Tuesday, 26 February 2013
Cassette experiment day 13 - Bill Nelson's Red Noise 'Sound on sound'
There aren’t many rock stars from Wakefield, (that’s a fact, it’s a thing we can’t deny) so it seems only right to treasure any that we have.
In 1979, Bill Nelson, formerly of 70s be-suited rock stars Be-Bop Deluxe unexpectedly released a bold, futuristic new wave (or ‘post-punk’ as I think it legally has to be referred to now) classic that sounds just as fresh and vibrant 34 years later.

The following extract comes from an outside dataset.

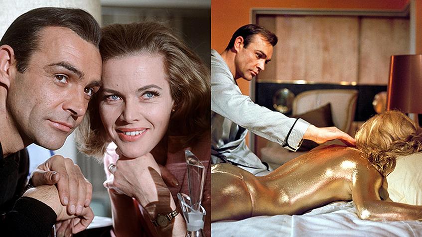 В 1964 году у Бонда появилось сразу две девушки. В фильме «Голдфингер» обе героини сначала работали на центрального злодея картины, но, конечно, не устояли перед обаянием Бонда-Коннери. Пусси Галор сыграла актриса Онор Блэкман, которой на тот момент было 39 лет и которая была старше Коннери. А роль покрытой золотой краской Джил Мастерсон исполнила юная Ширли Итон. По сюжету она умерла от интоксикации краской.

Utopian and dystopian futures (two of my favourite kinds!) loom large with jerky, short tracks, six per side. ‘Furniture music’ is probably the best known, but many others are capable of reaching the same high standard. ‘Stop-Go-Stop’ and ‘Revolt into style’ are brilliant, but for me it’s the 100mph, slogan-upon-slogan-fest ‘Art – Empire – Industry’ that stands above everything else. Just when you think this track can’t get any better, in comes a robotic voice (one of my favourite things) and then one of the best track endings ever recorded. I love it when musicians have the confidence to end a track rather than just let it fade away.
Watch out too for references to the impending year of 1984.
At the time this album seemed like it was a million miles away from Be-Bop Deluxe, but with hindsight the natural progression now seems understandable and organic.
I recently placed this album just outside my favourite 50 – having listened to it again today (twice!) I’d be inclined to bump it up about 40 spaces.
This won’t be the last you hear of Bill Nelson in ‘the great 6 month cassette experiment’ – ‘Quit dreaming and get on the beam’ will be along in a few weeks.